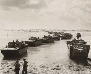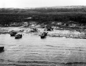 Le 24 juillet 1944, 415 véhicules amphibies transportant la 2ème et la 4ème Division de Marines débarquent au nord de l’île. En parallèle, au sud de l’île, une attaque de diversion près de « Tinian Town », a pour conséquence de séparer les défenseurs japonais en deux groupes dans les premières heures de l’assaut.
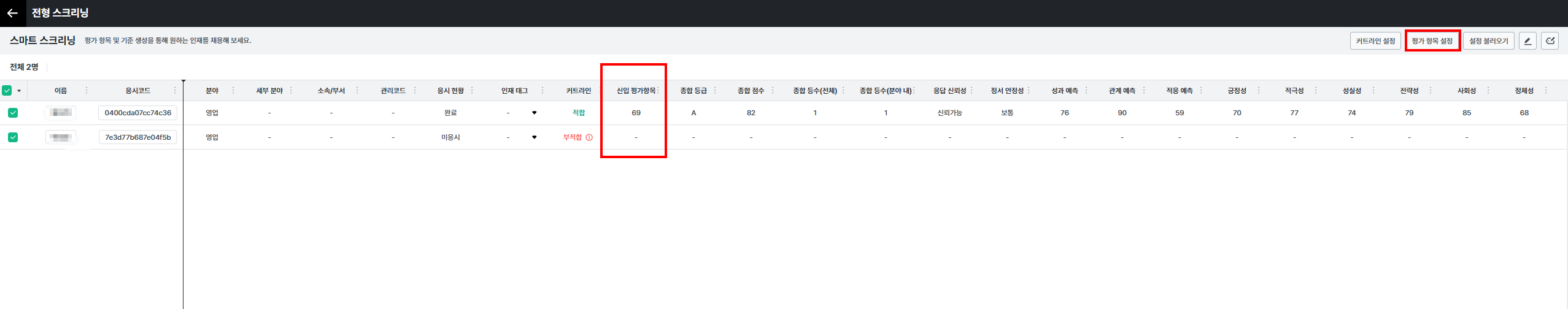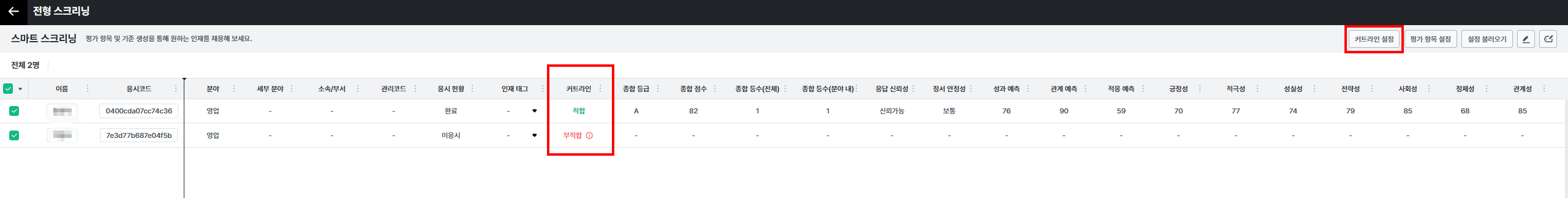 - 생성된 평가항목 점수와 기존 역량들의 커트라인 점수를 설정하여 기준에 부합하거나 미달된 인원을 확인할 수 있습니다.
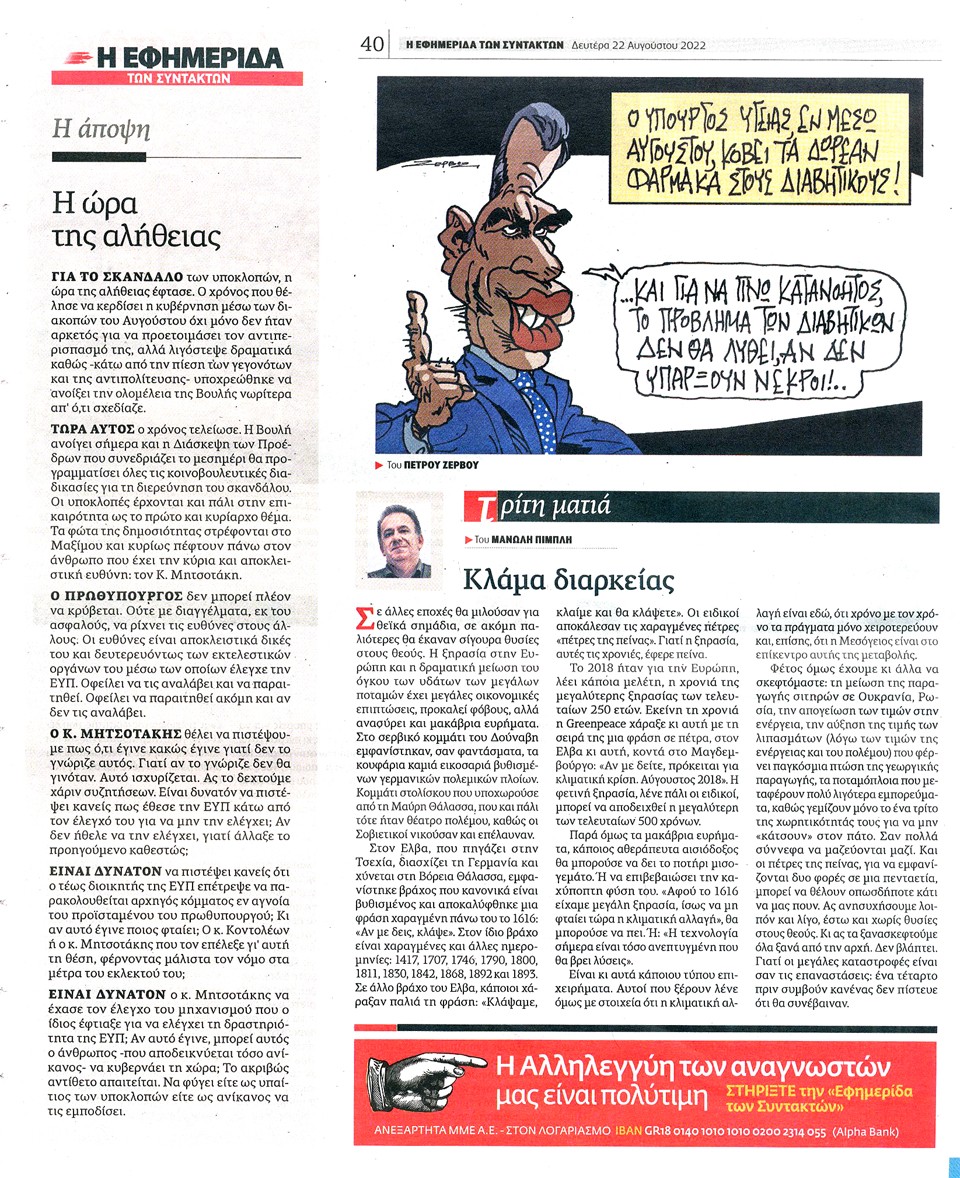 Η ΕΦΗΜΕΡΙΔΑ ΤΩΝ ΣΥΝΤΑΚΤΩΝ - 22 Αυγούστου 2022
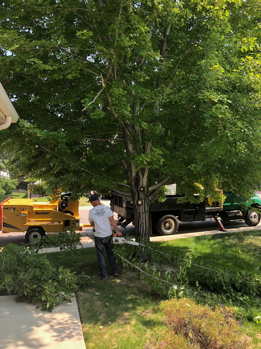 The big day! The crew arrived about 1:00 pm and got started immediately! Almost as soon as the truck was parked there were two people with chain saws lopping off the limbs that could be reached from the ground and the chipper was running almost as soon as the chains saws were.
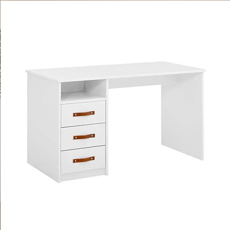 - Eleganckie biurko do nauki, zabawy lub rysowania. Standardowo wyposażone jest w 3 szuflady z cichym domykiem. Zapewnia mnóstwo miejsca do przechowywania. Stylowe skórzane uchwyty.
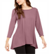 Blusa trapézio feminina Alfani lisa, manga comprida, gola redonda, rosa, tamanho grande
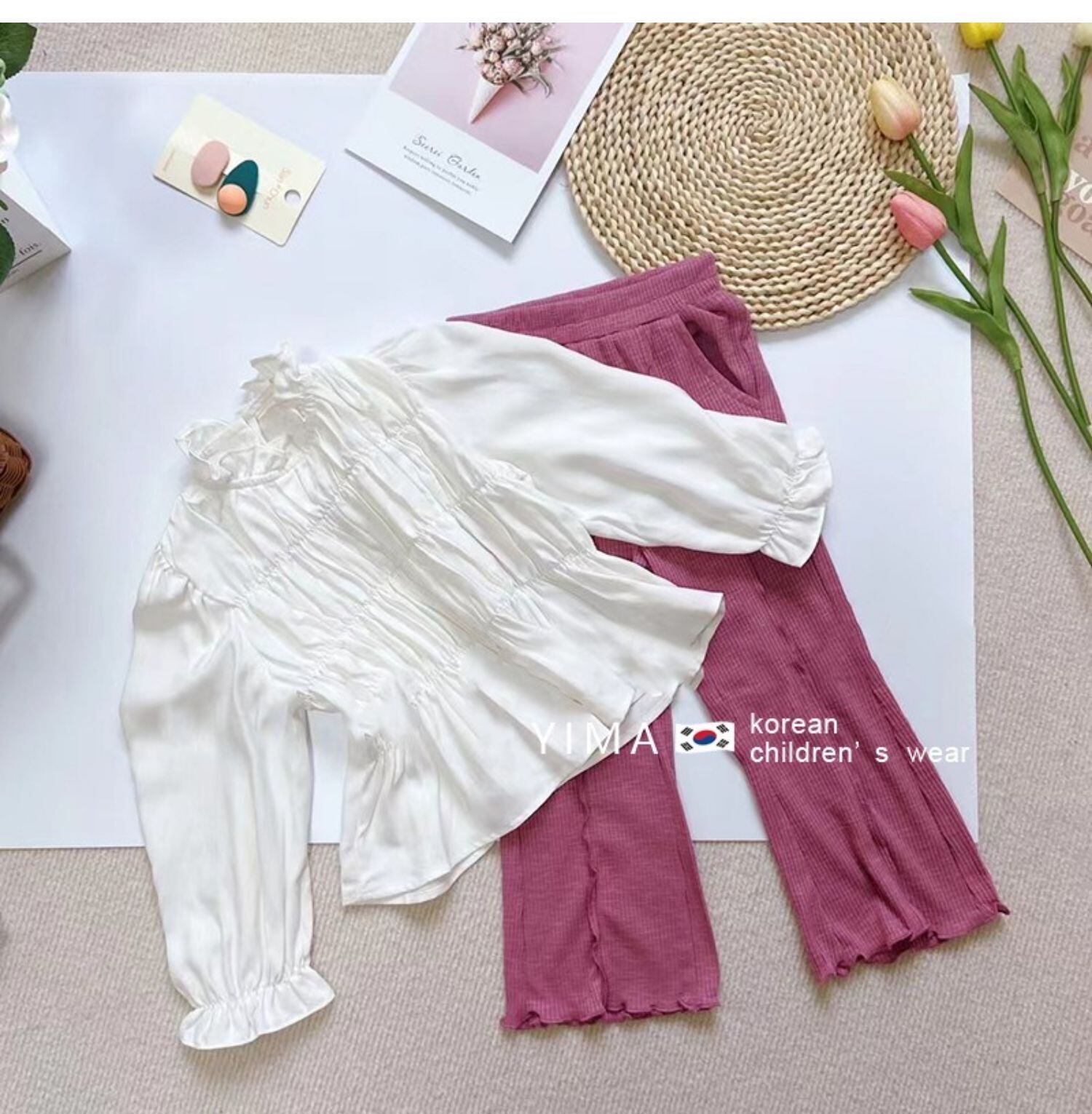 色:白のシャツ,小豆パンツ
══════════
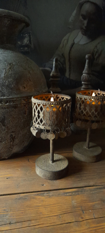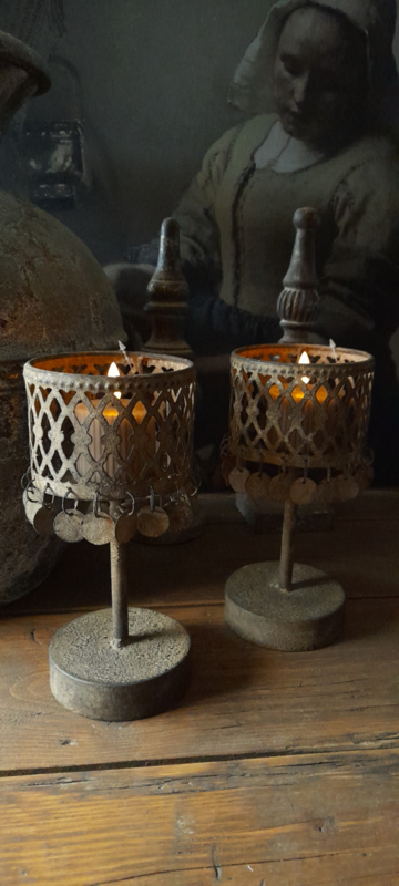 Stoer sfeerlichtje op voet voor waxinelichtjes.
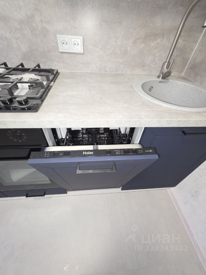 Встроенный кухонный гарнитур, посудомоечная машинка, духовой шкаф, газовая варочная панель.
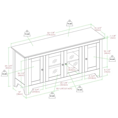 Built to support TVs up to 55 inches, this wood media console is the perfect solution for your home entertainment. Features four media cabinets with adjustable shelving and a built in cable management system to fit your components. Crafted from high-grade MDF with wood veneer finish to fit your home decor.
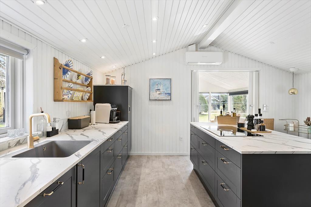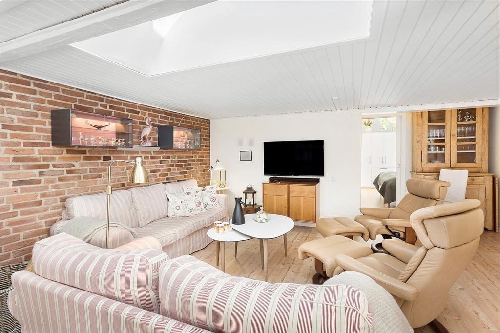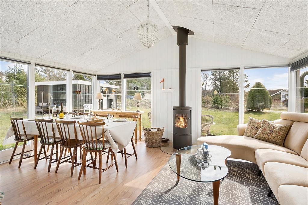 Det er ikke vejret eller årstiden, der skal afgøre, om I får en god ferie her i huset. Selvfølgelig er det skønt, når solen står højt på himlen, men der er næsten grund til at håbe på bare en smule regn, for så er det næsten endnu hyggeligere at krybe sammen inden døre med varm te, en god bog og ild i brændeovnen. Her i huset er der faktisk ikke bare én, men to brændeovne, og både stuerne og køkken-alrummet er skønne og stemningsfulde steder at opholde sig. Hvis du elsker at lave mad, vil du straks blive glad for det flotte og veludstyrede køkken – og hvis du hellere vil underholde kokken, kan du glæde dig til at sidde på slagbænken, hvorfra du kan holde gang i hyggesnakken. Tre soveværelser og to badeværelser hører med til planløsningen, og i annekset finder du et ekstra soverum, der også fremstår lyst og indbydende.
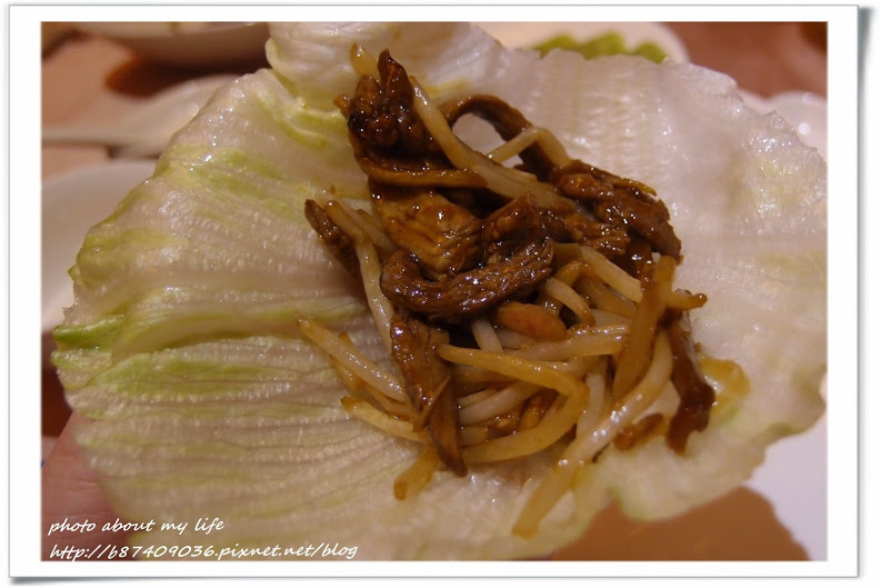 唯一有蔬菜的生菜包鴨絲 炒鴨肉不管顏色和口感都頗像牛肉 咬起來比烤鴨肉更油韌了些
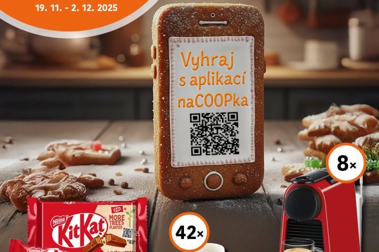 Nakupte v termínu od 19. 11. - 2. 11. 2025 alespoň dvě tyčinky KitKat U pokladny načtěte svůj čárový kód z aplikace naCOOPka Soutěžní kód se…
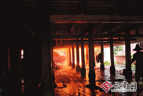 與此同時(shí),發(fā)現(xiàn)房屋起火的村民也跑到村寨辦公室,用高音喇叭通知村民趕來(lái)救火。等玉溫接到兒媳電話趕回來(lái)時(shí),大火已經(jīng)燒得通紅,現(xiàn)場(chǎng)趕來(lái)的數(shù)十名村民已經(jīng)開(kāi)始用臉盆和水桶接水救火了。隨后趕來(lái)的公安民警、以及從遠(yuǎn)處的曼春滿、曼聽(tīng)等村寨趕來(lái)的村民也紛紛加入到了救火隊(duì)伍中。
══════════
__INSTRUCTIONS FOR THE TASK__
Print everything from the line with "Η ΕΦΗΜΕΡΙΔΑ ΤΩΝ" down to the line with "The big day!" in the entries above, both lines included and nothing more, without the pictures.

__REPLY__
 Η ΕΦΗΜΕΡΙΔΑ ΤΩΝ ΣΥΝΤΑΚΤΩΝ - 22 Αυγούστου 2022
 The big day! The crew arrived about 1:00 pm and got started immediately! Almost as soon as the truck was parked there were two people with chain saws lopping off the limbs that could be reached from the ground and the chipper was running almost as soon as the chains saws were.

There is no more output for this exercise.